COVID-19: What Are Chances of Increased Abuse & Violence When Locked in with an Abusive Partner?

In 2014 during the Ebola outbreak in West Africa, countries imposed nationwide lockdown to manage the spread of the virus. After the epidemic West Africa countries such as Sierra Leone came up with different strategies ranging from economic recovery, to getting the education system back on track after 10 months of school closures. Humanitarian actors and academics recognized the gendered impacts of the disease and the response on women and girls, as well as the long-term recovery implications for women and girls in DRC. As we currently watch the world at its worst vulnerable situation, questions are mounting. What if Tanzanian Government issues lock down? What will be the impacts of such a lockdown, what will happen to women, girls, and children living with abusive partners or relatives?

Why am I asking this, because I’m trying to link COVID-19 and issues of power relation, gender norms that perpetuates power imbalance and gender inequity, existing poverty, where the majority of poor people in Tanzania are women. I’m thinking about low income earners who will likely lose their jobs, increasing stress and anxiety, frustrations and tensions which might accelerate abuse. If we are forced to lock down, is the government capable and prepared to support families? Do we have proper facilities to support survivors of domestic violence? Do we have means of reporting and getting help immediately? Do we have strategies in place that include supporting low income earners? Observing, China: Early evidence from China suggests that domestic violence has dramatically increased – in some parts of China it has tripled during the epidemic. Organizations dealing with GBV have observed that the extended quarantine and other social distancing measures have created additional GBV as a result of household stress over economic and health shocks combined with forced coexistence in narrow living spaces (Wanqing, 2020; Rigoli, 2020).

Economic challenges during COVID-19 have affected businesses in Tanzania. Workers have been scheduled to work from home and some have been laid off. There is unemployment for private sector workers and entrepreneurs. Limited form of accessing funds and asset, food and other necessities are increasingly becoming a challenge.

In Tanzania the intimate partner violence (IPV) and abuses vary. Data on different forms of violence against women shows that the lifetime physical and/or sexual IPV is at 42 %. In the last 12 months, IPV stood at 30%. Official national statistics is not avaialble for lifetime non-partner sexual violence.

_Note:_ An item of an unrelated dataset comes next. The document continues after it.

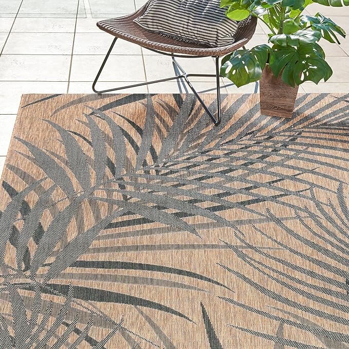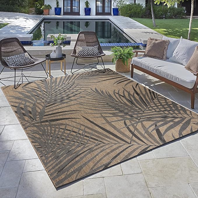 Gertmenian Indoor Outdoor Classic Flatweave Area Rug, Stain and UV Resistant Carpet, Deck, Patio, Poolside and Mudroom, 9×13 Ft Extra Large, Royal Palm Leaf, Brown Black

Additionally, data from a UN Women report (2018) shows child marriage stood at 31 % and female genital mutilation/cutting at 10%.

This violence is witnessed every day and spares no class. There is increased household tension and domestic violence due to forced coexistence, economic stress and fears about the virus.

Financial challenges will force women and girls to accept money and gifts to sustain living, to support themselves and their family. There is a possibility of sexual harassment at work places for fear of women to lose their jobs during and after this pandemic.

Note: Shame seems to affect women to seek help for such behaviors, but an important factor in not seeking help may be that women who wish to report violence and/or leave abusive situations have limited opportunity to flee and escape have few places to go where they can get support. Having no money to leave, to find shelter, or to buy food is one of the critical reasons why women and girls stay in violent relationships. Women who earn an income who are in coercive and/or violent relationships often have this income controlled by their partner by actionaid.org,uk report 2018

Police and Justice System can be overwhelmed during the pandemic, to draw attention towards violence against women and allow perpetrators to get away with such acts. I recommend increased awareness and education through media, religious institutions, communities and traditional social structures to condemn such acts and offer humanitarian assistance to reduce tension and frustrations.